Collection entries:
++++++++
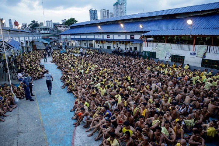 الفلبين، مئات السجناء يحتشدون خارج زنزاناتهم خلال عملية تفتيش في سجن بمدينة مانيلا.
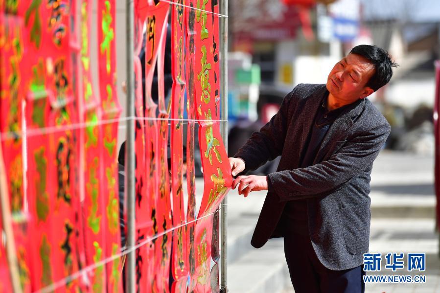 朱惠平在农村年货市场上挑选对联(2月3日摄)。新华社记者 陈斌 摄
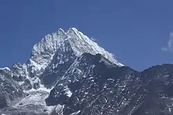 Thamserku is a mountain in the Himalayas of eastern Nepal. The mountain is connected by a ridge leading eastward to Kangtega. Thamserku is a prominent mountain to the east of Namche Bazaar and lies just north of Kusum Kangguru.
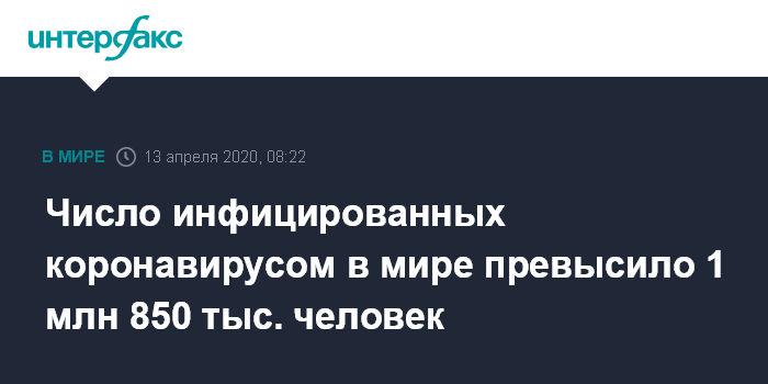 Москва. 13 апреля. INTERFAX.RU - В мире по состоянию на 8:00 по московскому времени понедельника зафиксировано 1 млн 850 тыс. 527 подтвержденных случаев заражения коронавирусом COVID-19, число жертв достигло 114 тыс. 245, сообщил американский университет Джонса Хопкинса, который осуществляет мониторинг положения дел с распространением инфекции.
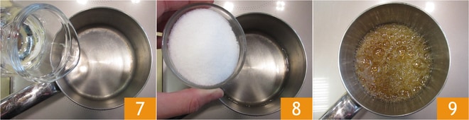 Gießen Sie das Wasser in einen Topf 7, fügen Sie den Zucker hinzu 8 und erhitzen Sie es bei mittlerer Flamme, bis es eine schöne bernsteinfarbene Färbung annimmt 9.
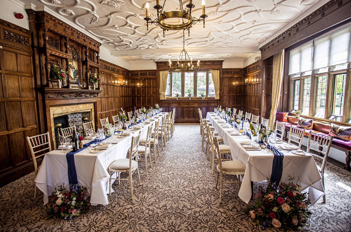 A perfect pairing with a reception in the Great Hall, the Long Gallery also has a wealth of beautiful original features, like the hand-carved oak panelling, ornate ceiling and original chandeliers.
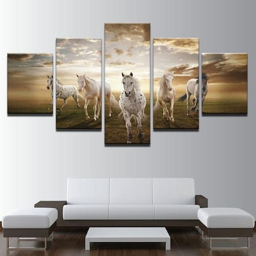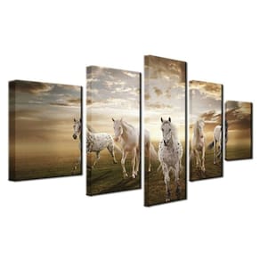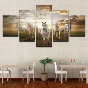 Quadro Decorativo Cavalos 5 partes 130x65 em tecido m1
++++++++
• Problem: Every line from the one bearing "朱惠平在农村年货市场上挑选对联(2月3日摄)。新华社记者 陈斌 摄" through the end of the data above must be output exactly, and no picture may appear.

• Result for this task:
 朱惠平在农村年货市场上挑选对联(2月3日摄)。新华社记者 陈斌 摄
 Thamserku is a mountain in the Himalayas of eastern Nepal. The mountain is connected by a ridge leading eastward to Kangtega. Thamserku is a prominent mountain to the east of Namche Bazaar and lies just north of Kusum Kangguru.
 Москва. 13 апреля. INTERFAX.RU - В мире по состоянию на 8:00 по московскому времени понедельника зафиксировано 1 млн 850 тыс. 527 подтвержденных случаев заражения коронавирусом COVID-19, число жертв достигло 114 тыс. 245, сообщил американский университет Джонса Хопкинса, который осуществляет мониторинг положения дел с распространением инфекции.
 Gießen Sie das Wasser in einen Topf 7, fügen Sie den Zucker hinzu 8 und erhitzen Sie es bei mittlerer Flamme, bis es eine schöne bernsteinfarbene Färbung annimmt 9.
 A perfect pairing with a reception in the Great Hall, the Long Gallery also has a wealth of beautiful original features, like the hand-carved oak panelling, ornate ceiling and original chandeliers.
 Quadro Decorativo Cavalos 5 partes 130x65 em tecido m1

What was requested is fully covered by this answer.